A biosimilar is a biological medicine highly similar to already approved reference biological medicine. GP40061 – is a biosimilar to reference insulin glargine (RIG). Its similarity to RIG has been proved through head to head analytical, preclinical and euglycemic clamp comparability studies. A comparative safety (immunogenicity) study of insulin biosimilar and reference drug is the last stage of the development program. This study aimed to confirm the similar immunogenicity of the drugs.

Methods

This randomized open-label, 26-week clinical trial (NCT02059187) enrolled 180 participants with type 1 diabetes mellitus randomized 1:1 to once-daily GP40061 (n=90) or RIG (n=90). The primary endpoint was frequency of immune response development at 26th week. Secondary endpoints included change of anti-insulin antibody (AIA) concentration at weeks 12 and 26 from baseline (at screening), percentage of participants with neutralizing AIA formation. AIA concentration was assessed via enzyme-linked immunosorbent assay. Neutralizing activity was established via binding of insulin alfa-chain and CD220 receptor. The data was compared with Mann-Whitney U-test or X2-test.

Results

Immune response was detected in 2 patients in GP40061 and in 2 patients in RIG (p=1.000).
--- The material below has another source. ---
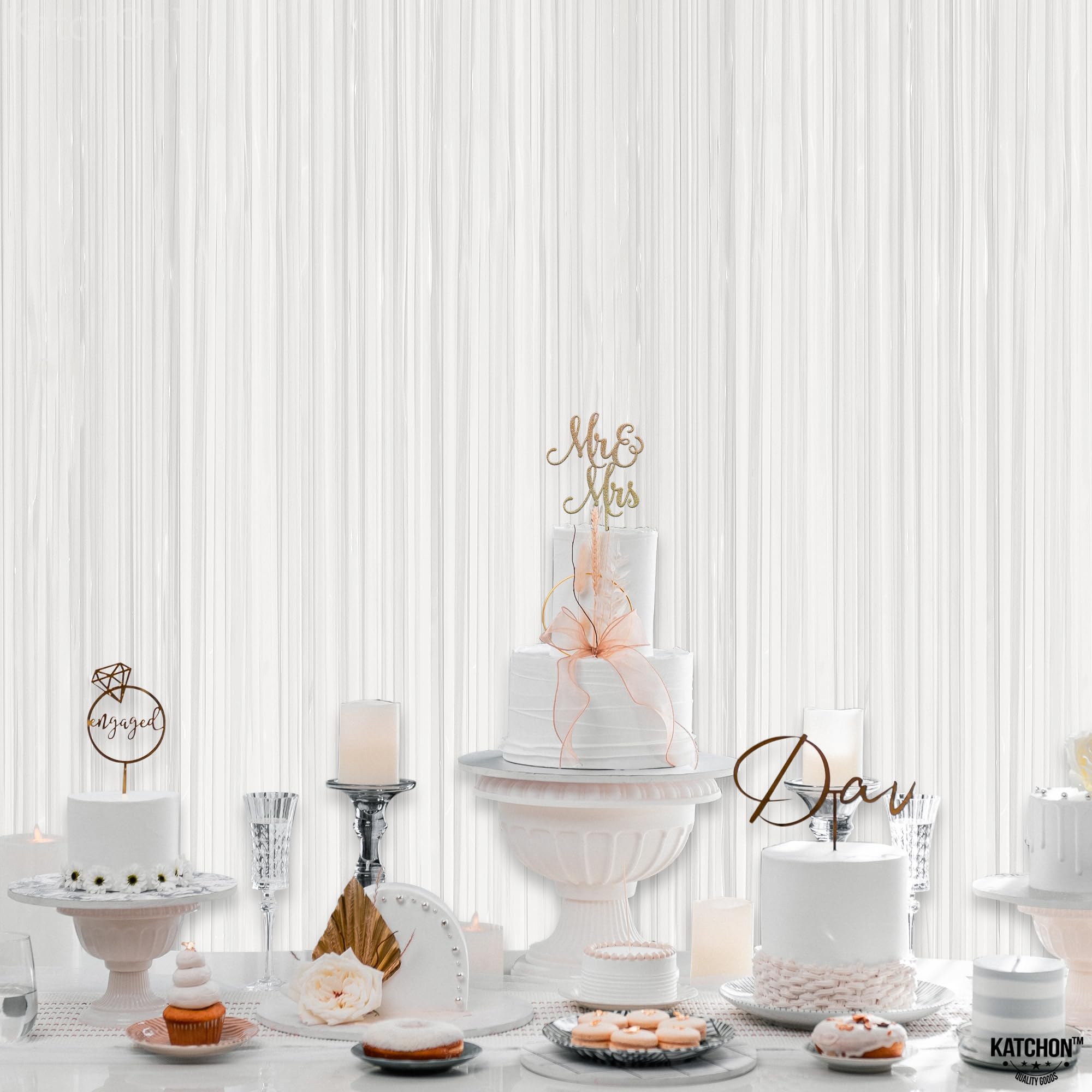 XTRALARGE 3.2X8 FEET | WHITE STREAMER BACKDROP : Make a grand entrance with this extra-large 3.2X8 FEET metallic foil streamer backdrop, Pack of 2. The versatile panels create a crisp white background backdrop and refined white backdrop curtain. Amplify any theme with a wide fringe backdrop white, gold and white foil fringe curtain, tin foil fringe backdrops white, and white and black backdrop for dynamic white background streamers.

Change of AIA concentration (IU/ml) at week 12 from baseline was -0.19±2.49 (GP40061) and 1.38±10.98 (RIG) (p=0.399), and -0.02±2.85 (GP40061) and 0.30±4.07 at week 26 (p=0.167). Number of patients with neutralizing AIA formation was 17 (19%) in GP40061 and 15 (17%) in RIG (p=1.000).

Conclusions

GP40061 demonstrated similar immunogenicity to the RIG. Considering the whole development program, the biosimilarity of GP40061 to reference insulin glargine was proved.